3月2日付けの日本株式レポート「押し目買いに備える:下値は限定的」をリリースした時点では、日経平均株価は21,344円で取引されていた。しかし、それから2週間足らずの3月13日に同指数は17,431円をつけ、1週間で16%の急落、年初来で26%下落した。ボラティリティは2008年の世界金融危機時に匹敵する。今回の相場下落の原因は、新型コロナウイルスの感染拡大と、それが観光業をはじめ広く経済に与える影響が懸念されたからである。

3月13日現在、月初来の下落率は17.6%と過去20年で2番目の下げ幅を記録した(図表1参照)。過去のバリュエーションと今後政府や中央銀行からの支援が拡充されるとの見通しを踏まえると、市場は売られすぎだと考える。

我々は3つの要因から、日本株式はここから上昇基調をたどると考える。1つ目は、徹底した封じ込め策に踏み切る国が増えていることから、感染拡大はいずれ収束に向かうと予想されることだ(図表2参照)。個人の移動制限が発動された結果、まず中国で、続いて韓国もここ2週間で新規の感染者数が減少傾向を示している。中国の事例は、こうした感染拡大防止策が一定の効果を発揮したことを示している。日本では検査数が増えれば新たな感染者数が増える可能性もあるが、同様の感染拡大防止策が実施されているため、今後2カ月間で感染者数は減少し始めるだろう。

2つ目に、株価が急落したため、今後は売り圧力よりも買い圧力が高まる公算が大きい。2019年下期に6兆円を買い越した海外投資家は、今年に入り日本株式を4兆円近く売却し、最大の売り手となっている。大半の海外投資家はここ5~6週間で大部分のポジションを解消した。一方、日銀は過去4週間で1兆円相当のETFを買い越し、さらに、3月16日に前倒しした金融政策決定会合で、ETFの買い入れ額を現行の年間6兆円から12兆円に倍増することを決定した。
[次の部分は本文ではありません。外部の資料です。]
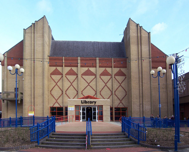 North Lincolnshire Central Library North Lincolnshire Central Library Carlton Street Scunthorpe North Lincolnshire DN15 6TX
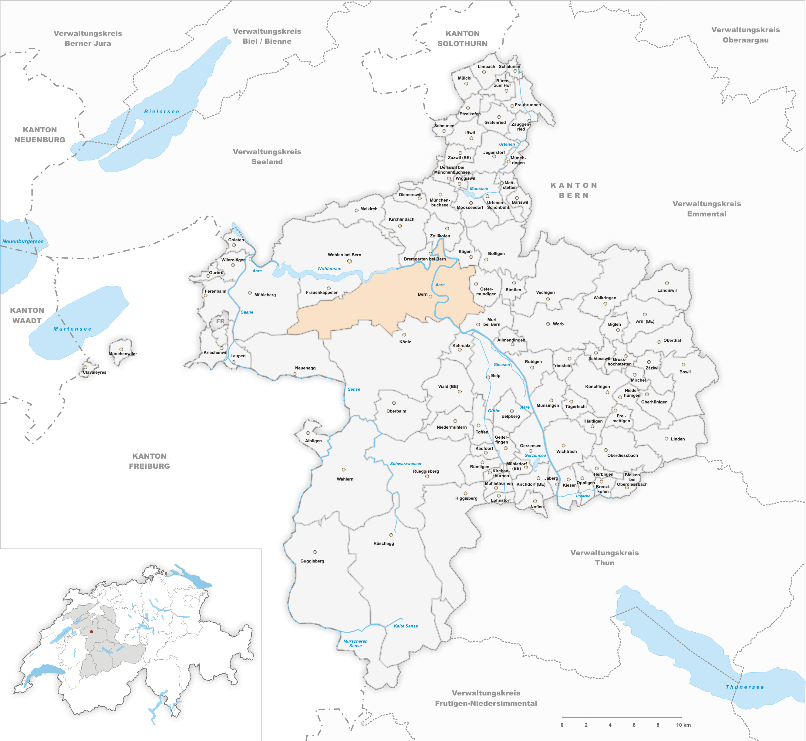 Municipality Bern
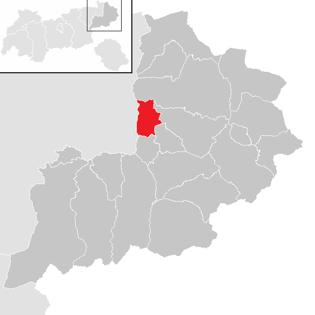 District Kitzbühel
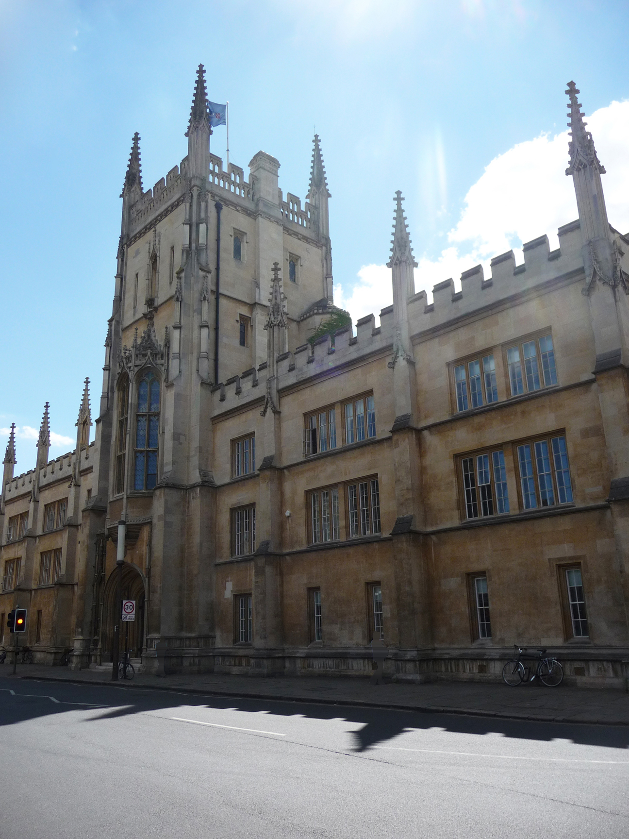 A picture of the Pitt Building in Cambridge, which used to be the headquarters of Cambridge University Press and is still owned by them today.
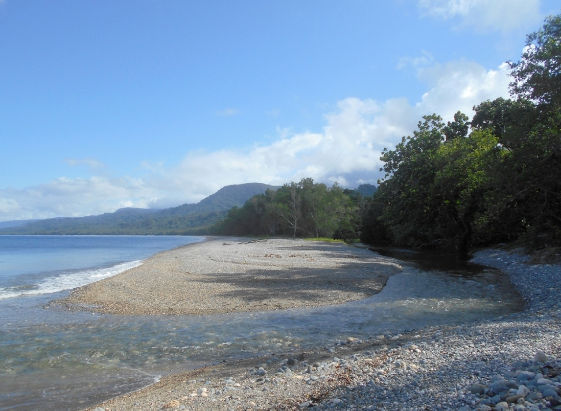 The south coast of Pentecost, where the Warbot River flows into the ocean.
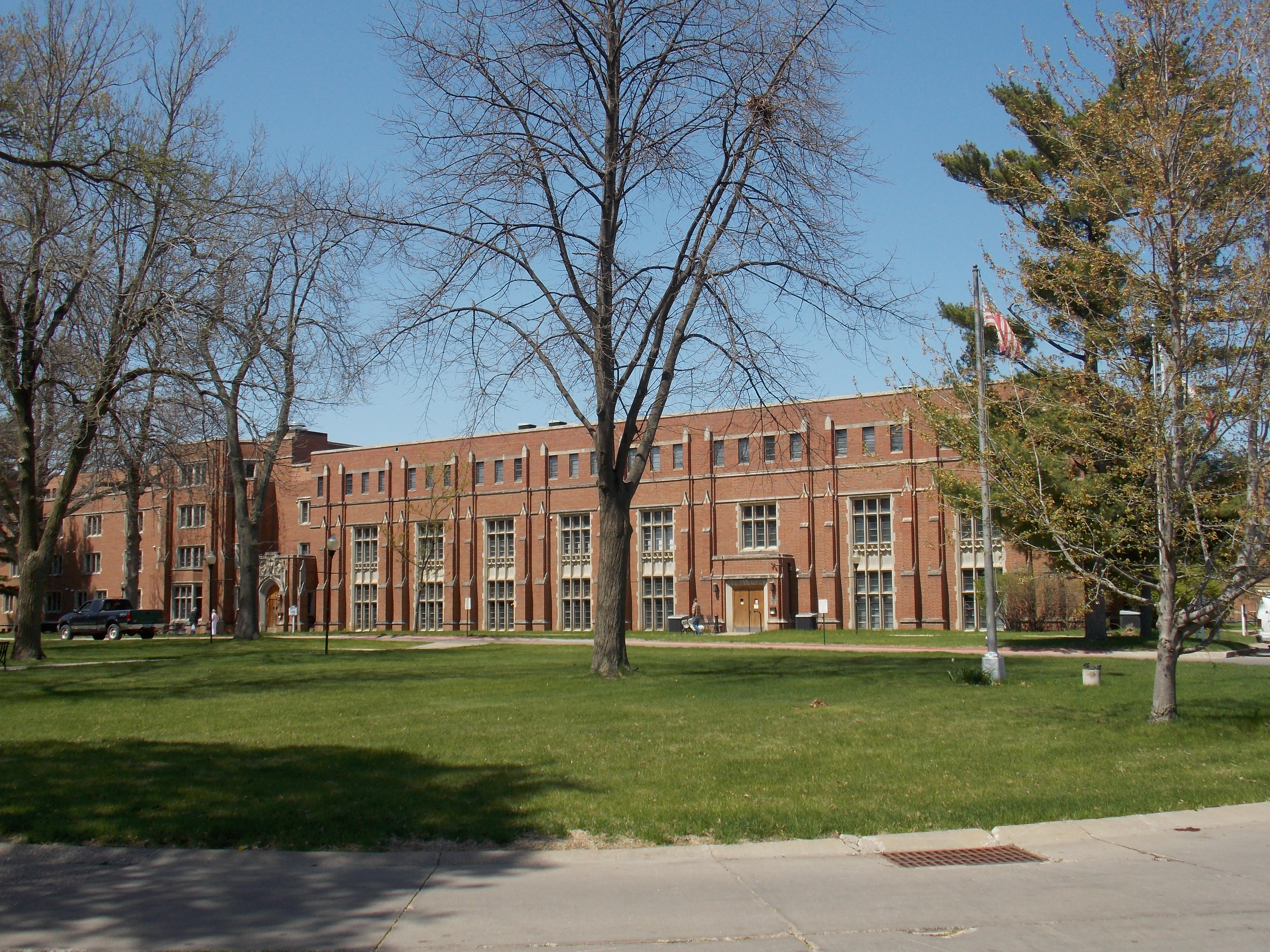 Petersen Hall on the campus of the former Marycrest College in Davenport, Iowa. The campus forms an historic district on the National Register of Historic Places, and now houses apartments for senior citizens. The building was built in three stages: 1948, 1951, 1962.

また世界最大の年金基金である年金積立金管理運用独立行政法人(GPIF)も株価急落を受けて日本株式を再度買い進めるものとみられる。

3つ目に、バリュエーションで見た足元の株価は適正価格を大きく下回っている。過去の株価純資産倍率(PBR)と比較すると(図表3参照)、現在のPBRは2011年の東日本大震災後の水準を下回っている。過去の事例を見てみると、ここまでバリュエーションが下がると、状況がいったん改善し始めれば安心感から反発に転じている。
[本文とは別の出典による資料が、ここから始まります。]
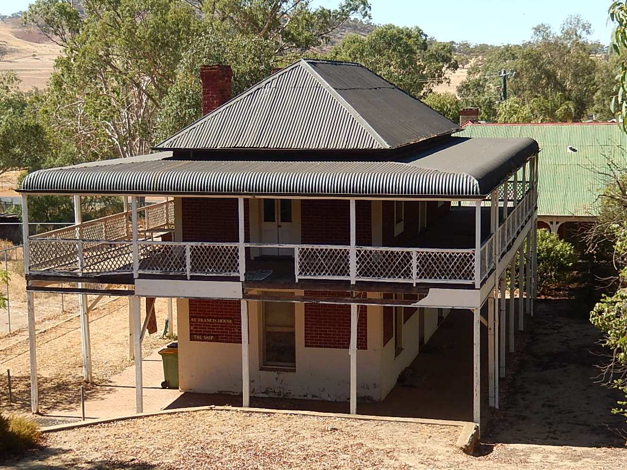 Stirling Terrace, Toodyay. Part of the Roman Catholic precinct and completed in the early 1860s
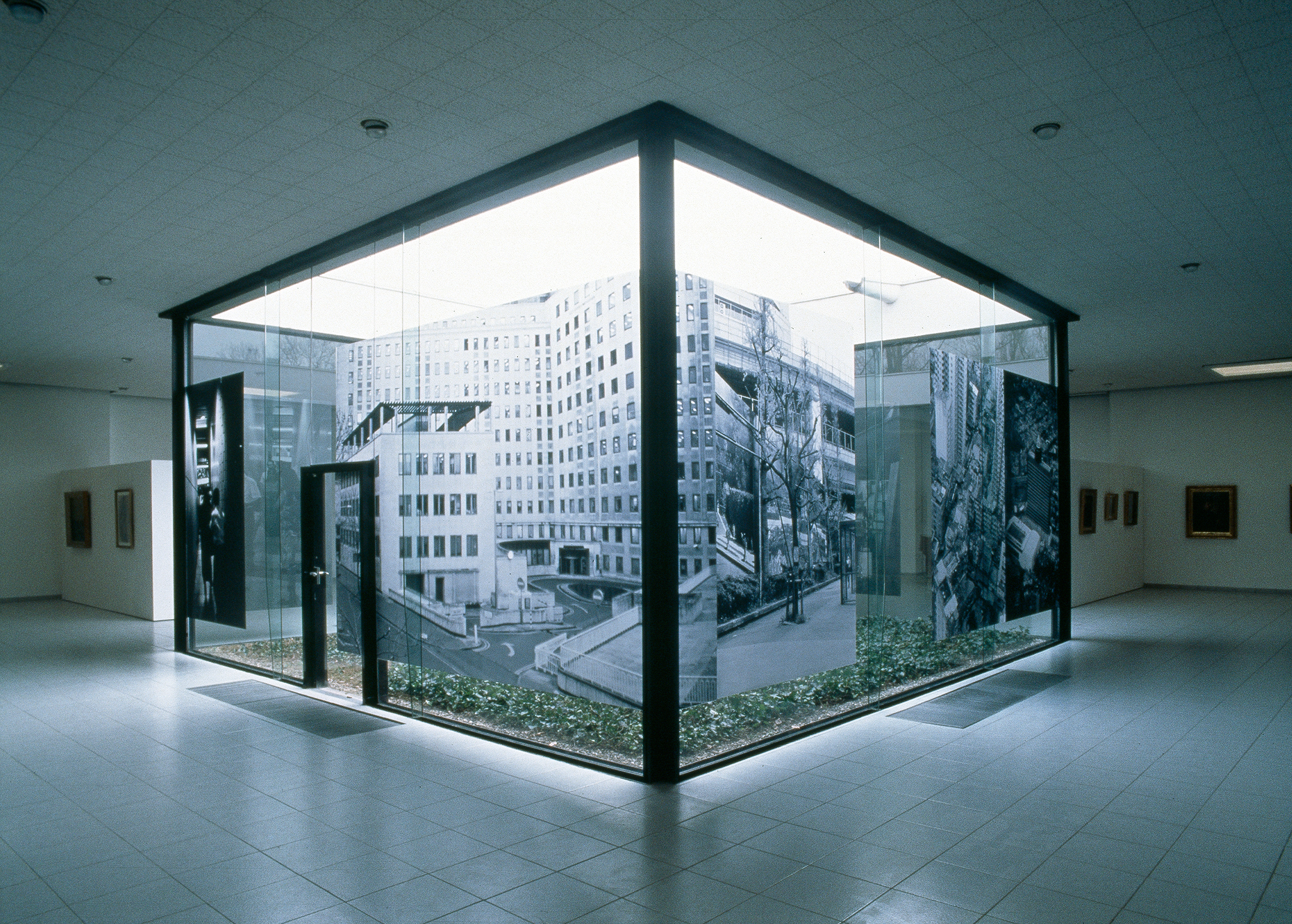 Aglaia Konrad - installation view: Green Easter, Museum Dhondt-Dhaenens, Deurle (1997)

TOPIXのPBRは0.83倍と、過去20年で最低水準である世界金融危機時の0.8倍に近づいており、投資家がリーマンショック級の大暴落を織り込んでいることを表している。だが、各国中銀の緩和策や政府による財政支援効果から、懸念される大暴落は回避できると考える。また、企業の手元資金は厚く(資産の平均13%が現金および現金同等物)、負債比率も低いため(負債資本倍率は過去最低水準の1.3倍と、米国の1.8倍や欧州の1.7倍を下回る)ことから、日本企業のバランスシートは健全で、景気後退を十分切り抜けられるとみている。この相場下落を自社株買いの好機と捉えることができる優良企業は、新型コロナによる混乱を乗り越えられる有利な立場にあると考える。

リスク要因

東京オリンピックは重要なリスクの1つである。新型コロナの感染拡大が数週間以内に収束しなければ、今年夏に予定されている開催が1年または2年延期される可能性がある。東京オリンピックの景気押し上げ効果が最も際立つのは開催年であるため、延期となれば2020年の企業業績の下押しにつながる可能性が高い。
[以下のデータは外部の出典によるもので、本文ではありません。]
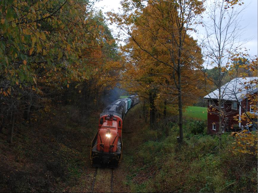 Southbound train on the Batten Kill Railroad approaching Old State Rd near Eagle Bridge, New York.
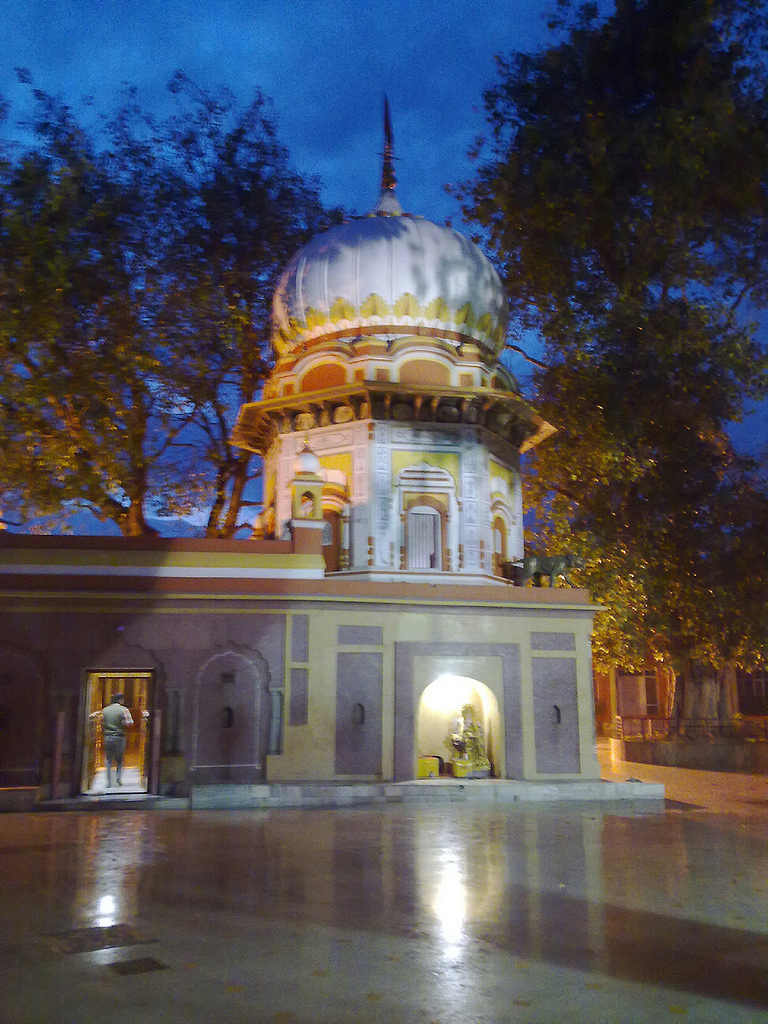 The main building in the center of the temple (as seen from side) where the "pindi" of Mata Bala Sundri is present.
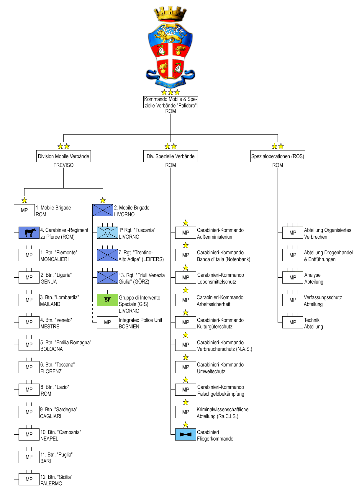 Structure Italian Carabinieri Specialist & Mobile Unit Command "Palidoro" (German version)
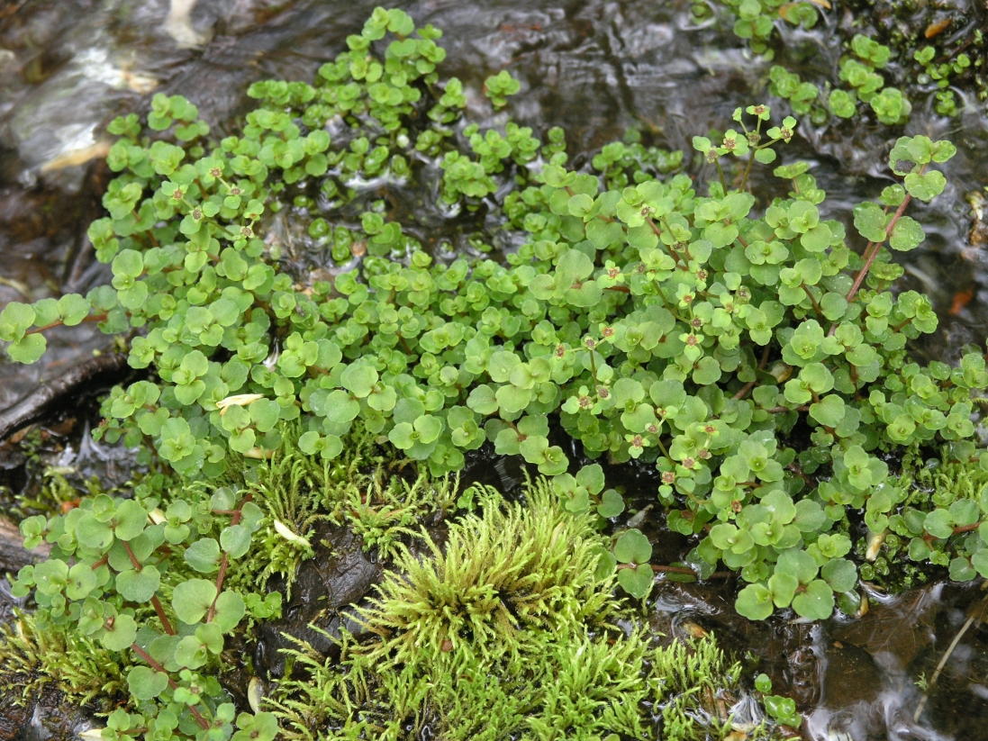 Chrysosplenium americanum in a rill on the slopes of Mount Sagamook, Mount Carleton Provincial Park, New Brunswick, Canada.
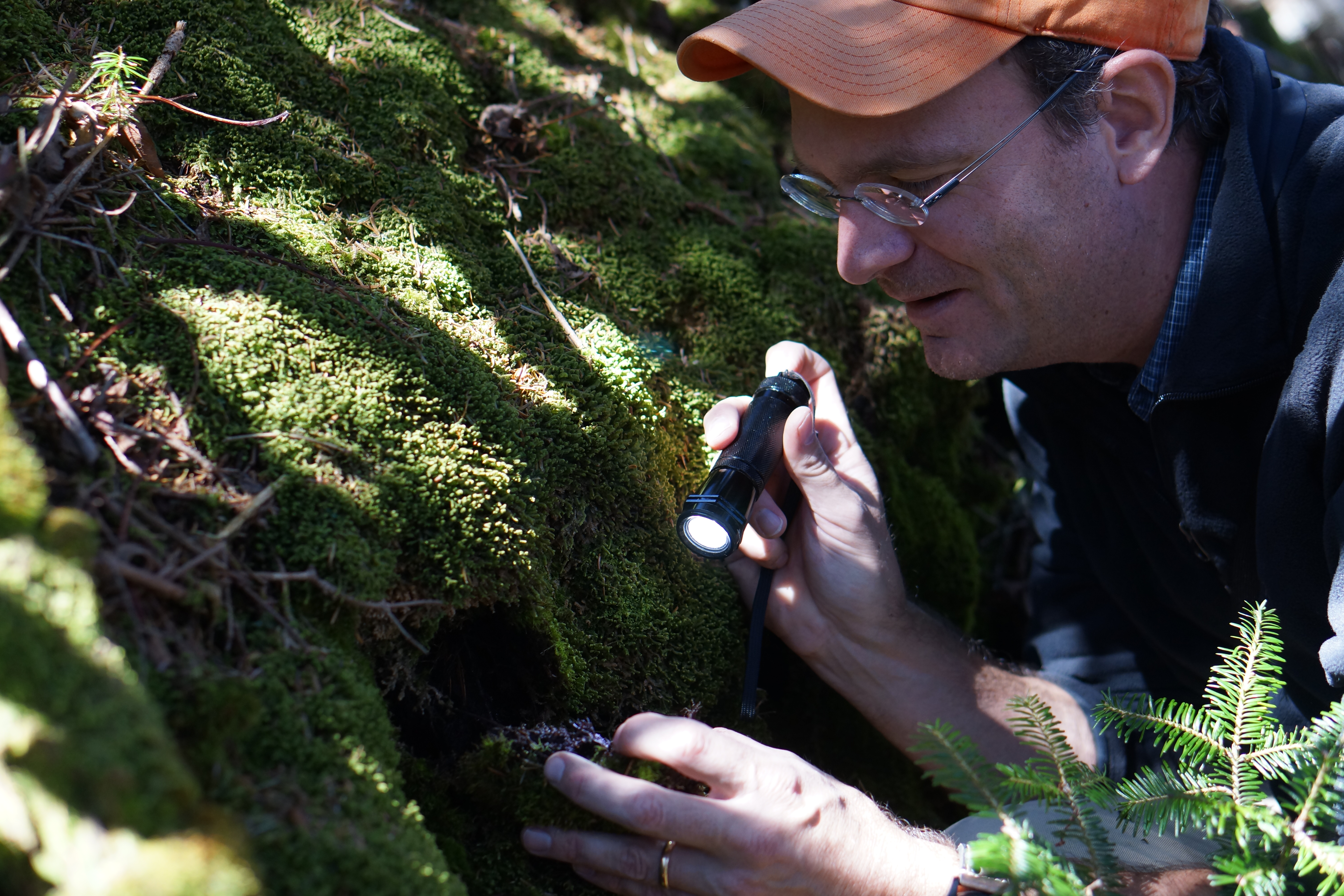 The spruce-fir moss spider is an endangered animal found only at the tops of the highest peaks in the eastern United States. This video follows a team of scientists as they search for the rare spider in order to carry specimens back to their lab for genetic analysis which will provide information to help guide future conservation efforts. The team included Dr. Marshal Hedin of San Diego State University; Dr. Fred Coyle, retired from Western Carolina University; Dr. Jason Bond of Auburn University; Service biologist Sue Cameron; and Service intern David Caldwell. Credit: Gary Peeples/USFWS

今回の感染拡大により、対面販売からオンラインショッピングへと消費者行動がシフトしており、この傾向は定着するだろう。これは、オンラインで存在感が小さいブランドにとっては下押し圧力となり、オンライン売上が高い企業にはプラス材料になる。旅行業界も打撃を受けており、訪日客の減少が当面続く可能性がある。しかし、状況が改善すれば業績回復も可能である。2011年の東日本大震災後に安倍政権はビザ発給要件を緩和しており、訪日客は3倍に増加している。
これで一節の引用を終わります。